I have some recorded data s(x), and need to compute the value and uncertainty in
$$S = \int_{x_{1}}^{x_{2}} s(x) dx$$ I am using the trapezium rule for the integration, and need to estimate the uncertainty in the integral due to uncertainties in x and s(x). I have uncertainty estimates for every x and s(x) value (which are not constant). My first approach was to estimate the uncertainty in each term of the summation and add all of those uncertainties in quadrature:
$$\tag{1} S = \frac{1}{2} \sum_{i=1}^n (x_i-x_{i-1})(s_i+s_{i-1})$$
The uncertainty in $x_i-x_{i-1}$ is $$ \tag{2} \sigma_{x-x_{i}} = \sqrt{\sigma_{x_i}^2 + \sigma_{x_i-1}^2}$$
The uncertainty in $s_i+s_{i-1}$ is $$ \tag{3} \sigma_{s+s_{i}} = \sqrt{\sigma_{s_i}^2 + \sigma_{s_i-1}^2}$$
The uncertainty in the $i^{th}$ term of the sum (area of the $i^{th}$ trapezium) is therefore
$$ \tag{4} \sigma_i = \sqrt{\sigma_{x-x_{i}}^2(s_i+s_{i-1})^2 + \sigma_{s+s_{i}}^2(x_i-x_{i-1})^2}$$
And therefore the uncertainty in the integral is $$ \tag{5} \sigma = \frac{1}{2} \sqrt{\sum_{i=1}^n \sigma_i^2} $$
However, I realise that equation 5 is only valid for summing uncorrelated variables. In this case, the area of a trapezium $i$ will have some correlation with the trapeziums $i-1$ and $i+1$: if there is an error in $s_i$ then both trapeziums $i$ and $i+1$ will increase/decrease together, whereas if there is an error in $x_i$ then one will increase and one will decrease.
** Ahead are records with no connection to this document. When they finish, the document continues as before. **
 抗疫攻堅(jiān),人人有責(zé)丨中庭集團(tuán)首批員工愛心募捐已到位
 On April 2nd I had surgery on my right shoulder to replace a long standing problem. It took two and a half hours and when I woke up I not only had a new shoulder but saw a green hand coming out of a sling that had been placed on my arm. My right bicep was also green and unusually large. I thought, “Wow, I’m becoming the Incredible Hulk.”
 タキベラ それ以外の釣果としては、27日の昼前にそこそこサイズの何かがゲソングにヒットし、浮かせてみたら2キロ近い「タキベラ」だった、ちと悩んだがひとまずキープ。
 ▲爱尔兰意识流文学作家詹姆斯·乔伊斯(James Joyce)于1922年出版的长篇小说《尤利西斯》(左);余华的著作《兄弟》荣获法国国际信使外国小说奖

So, my question is, how can I estimate the uncertainty in the integral, accounting for the fact that there is a correlation between the terms in the sum?
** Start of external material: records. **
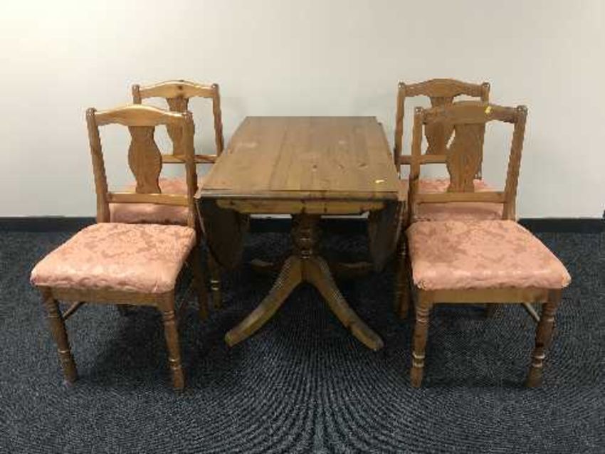 A pine drop leaf table and four chairs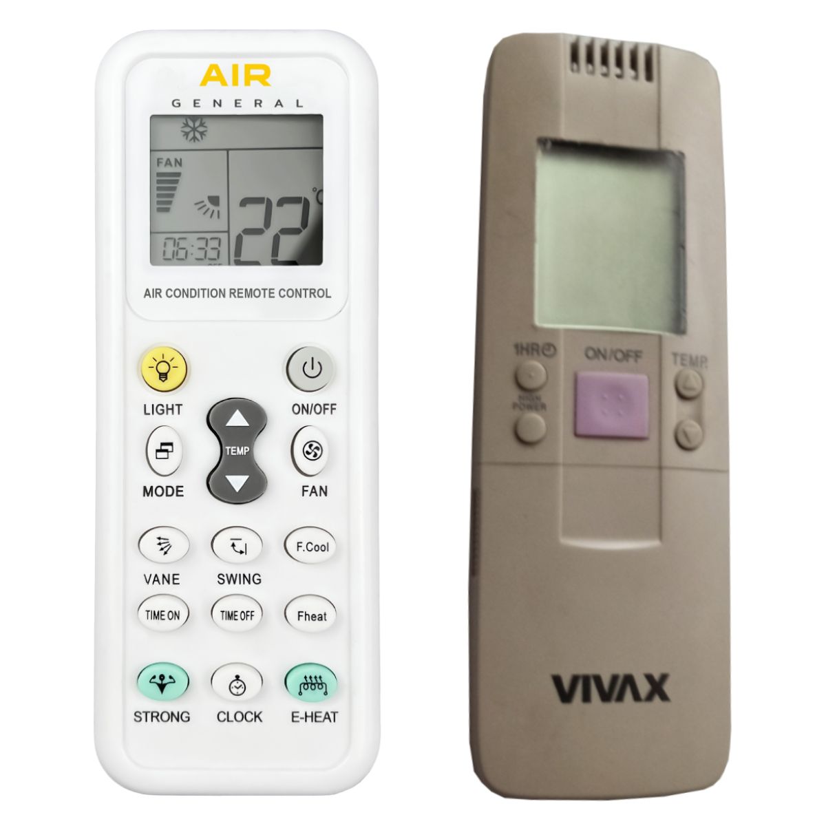 Ovladač je dodáván ve verzi dálkového ovladače General AIR (zobrazen vlevo), který byl vyroben speciálně pro klimatizace VIVAX. Garantujeme Vám, že dostanete ovladač, který bude mít všechny důležité funkce Vašeho původního originálního ovladače.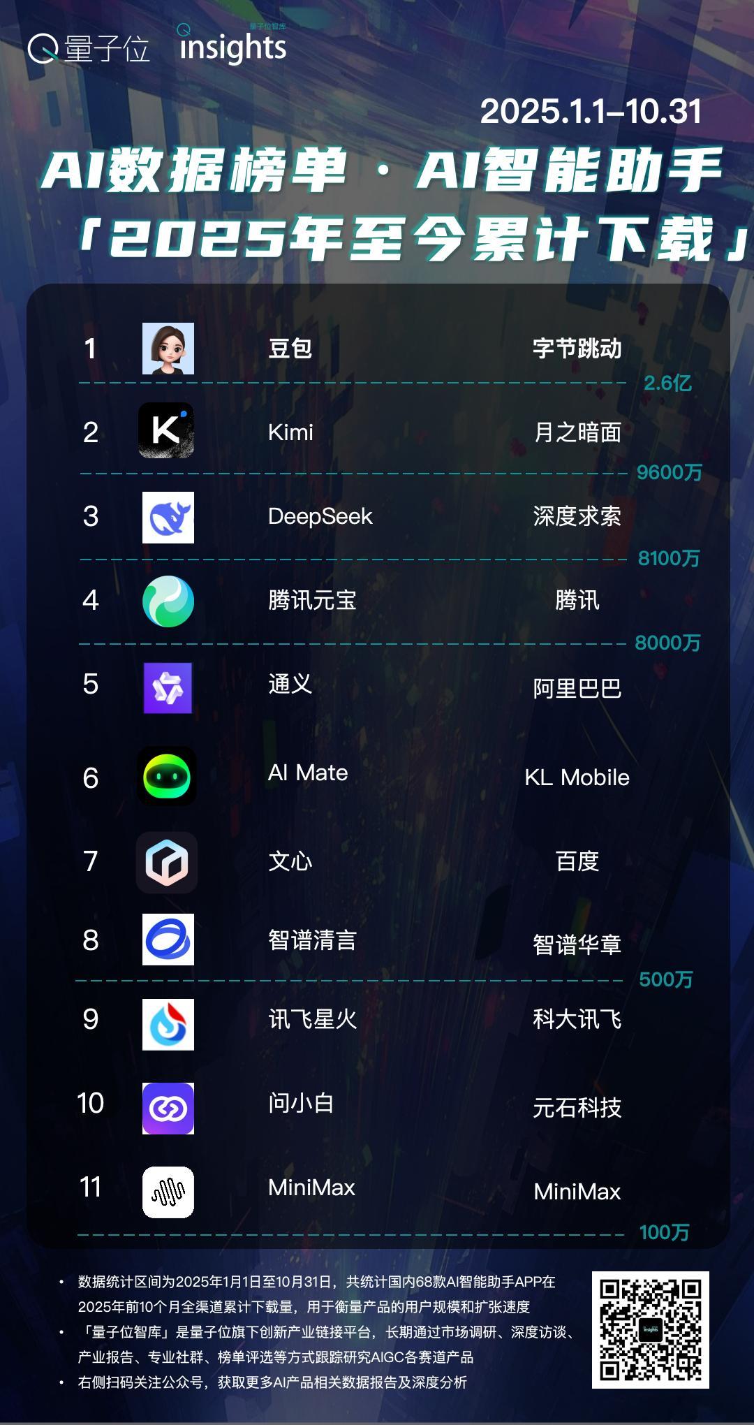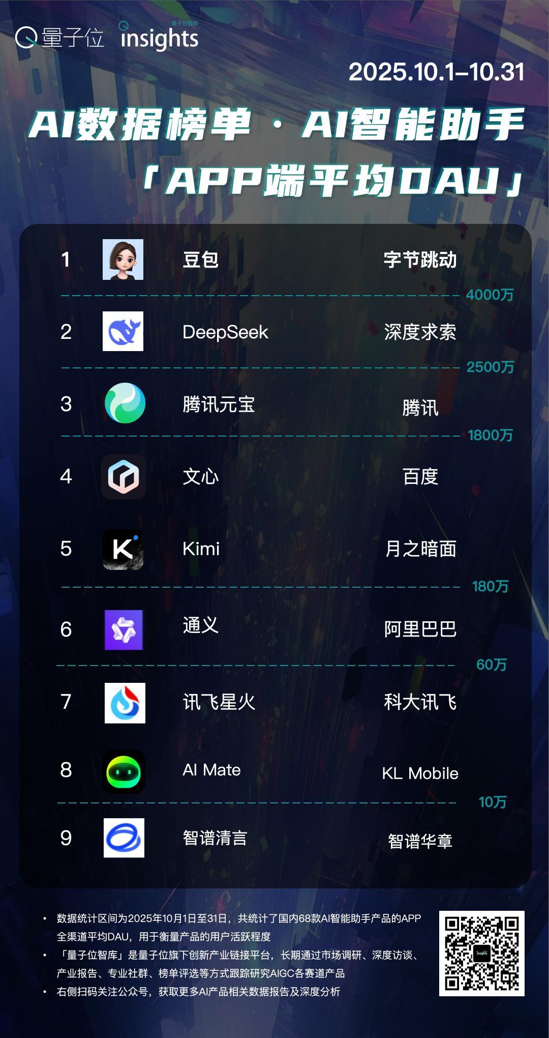AI智能助手赛道的APP产品,10月最新数据出炉。在量子位智库入库统计的60余款AI智能助手APP中,10月下载总量超过5100万,和9月数据基本持平。10月下载量过千万的APP产品依旧只有豆包和腾讯元宝两款,Kimi、DeepSeek下载量超过360万,其余产品下载量皆在百万以下。智能助手APP端10月整体日活用户达到约9000万,较9月增长超800万。平均日活排在前三的依旧是豆包、DeepSeek和腾讯元宝,DAU均超过1800万。以今年前10个月累计下载为数据基础,AI智能助手APP的总「用户规模」超过5.5亿,豆包在其中占比近5成。具体数据,依然关注的是关键维度——- APP端当月新增下载量- APP端当月平均DAU- APP端新增三日留存率- APP端2025年累计下载- 各指标增长率本文结论仅覆盖至2025年10月,期望能够从用户增长、用户活跃、用户粘性和用户规模维度提供最新参考。

I had thought that I might try and estimate the covariance between the terms in the sum and incorporate that, however I have run into 2 problems: Firstly, most sources only give the uncertainty propagation for sums with 2 terms, for example
$$ f = A + B, \sigma_f = \sqrt{\sigma_A^2 + \sigma_B^2 + 2\sigma_{AB}} $$
where $\sigma_{AB}$ is the covariance between A and B, so I am not sure how I would extend this to multiple terms. My guess would be that I would need something like an nxn matrix, with the covariance of every term with every other, but am not 100% sure about this.
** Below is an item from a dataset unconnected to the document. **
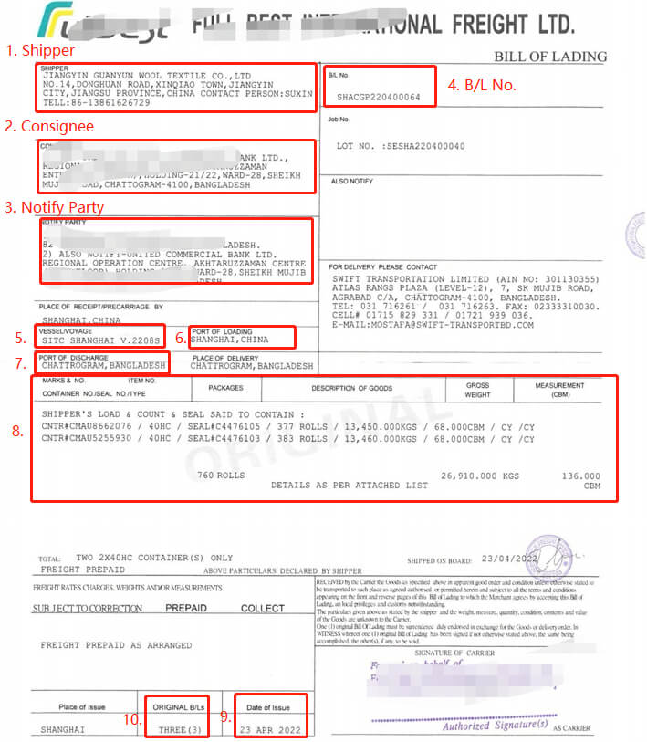 The BL form varies from one shipping company or freight forwarder to another one. However, the contents of BL are basically the same. You’ll find a series of key info on any bill of lading.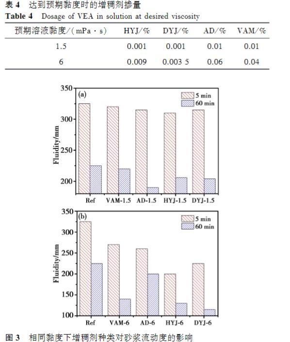 增稠劑溶液的黏度越高,砂漿的流動度越低。在較低黏度下,四種增稠劑對砂漿初始流動度的影響接近,60min時,AD的經(jīng)時流動度最低,VAM流動度相對于基準(zhǔn)砂漿略微下降;然而當(dāng)溶液黏度提高至6mPa·s時,摻入HYJ和DYJ的砂漿流動度顯著低于AD和VAM,60min后的損失也更大,AD的經(jīng)時流動度略低于基準(zhǔn)砂漿。

Secondly, when looking at how I might calculate the covariance between just 2 terms, I get stuck: $$ cov(A,B) = E[(A - E[A])(B - E[B])] $$ where E[X] is the expectation value of X, however in my case I only have a single value for each term, so as far as I can see E[A]= A, and so the covariance is just 0. Also, given that I only have a single value for each term, I am not sure this approach is valid anyway.